[Data supplied Boundary: Start]
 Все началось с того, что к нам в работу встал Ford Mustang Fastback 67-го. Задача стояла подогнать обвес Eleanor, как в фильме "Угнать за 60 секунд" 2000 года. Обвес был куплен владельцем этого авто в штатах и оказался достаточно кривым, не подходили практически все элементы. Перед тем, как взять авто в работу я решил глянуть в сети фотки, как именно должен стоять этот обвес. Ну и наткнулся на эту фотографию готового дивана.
[Data supplied Boundary: End]
[Data supplied Boundary: Start]
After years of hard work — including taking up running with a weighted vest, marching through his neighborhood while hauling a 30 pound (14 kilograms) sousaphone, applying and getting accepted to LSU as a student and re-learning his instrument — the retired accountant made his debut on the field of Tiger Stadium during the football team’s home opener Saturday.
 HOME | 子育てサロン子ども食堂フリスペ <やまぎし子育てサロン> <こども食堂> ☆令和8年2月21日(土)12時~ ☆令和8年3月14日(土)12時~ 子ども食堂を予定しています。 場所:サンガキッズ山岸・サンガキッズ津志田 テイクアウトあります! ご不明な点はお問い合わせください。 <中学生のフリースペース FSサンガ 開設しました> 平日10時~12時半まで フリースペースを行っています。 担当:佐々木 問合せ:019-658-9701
[Data supplied Boundary: End]
> [Work task]: Only the lines above starting with the one with "After years of" and going through the one with "HOME | 子育てサロン子ども食堂フリスペ" are to be copied, word for word and with both ends kept.

> [Answer to this task]:
After years of hard work — including taking up running with a weighted vest, marching through his neighborhood while hauling a 30 pound (14 kilograms) sousaphone, applying and getting accepted to LSU as a student and re-learning his instrument — the retired accountant made his debut on the field of Tiger Stadium during the football team’s home opener Saturday.
 HOME | 子育てサロン子ども食堂フリスペ <やまぎし子育てサロン> <こども食堂> ☆令和8年2月21日(土)12時~ ☆令和8年3月14日(土)12時~ 子ども食堂を予定しています。 場所:サンガキッズ山岸・サンガキッズ津志田 テイクアウトあります! ご不明な点はお問い合わせください。 <中学生のフリースペース FSサンガ 開設しました> 平日10時~12時半まで フリースペースを行っています。 担当:佐々木 問合せ:019-658-9701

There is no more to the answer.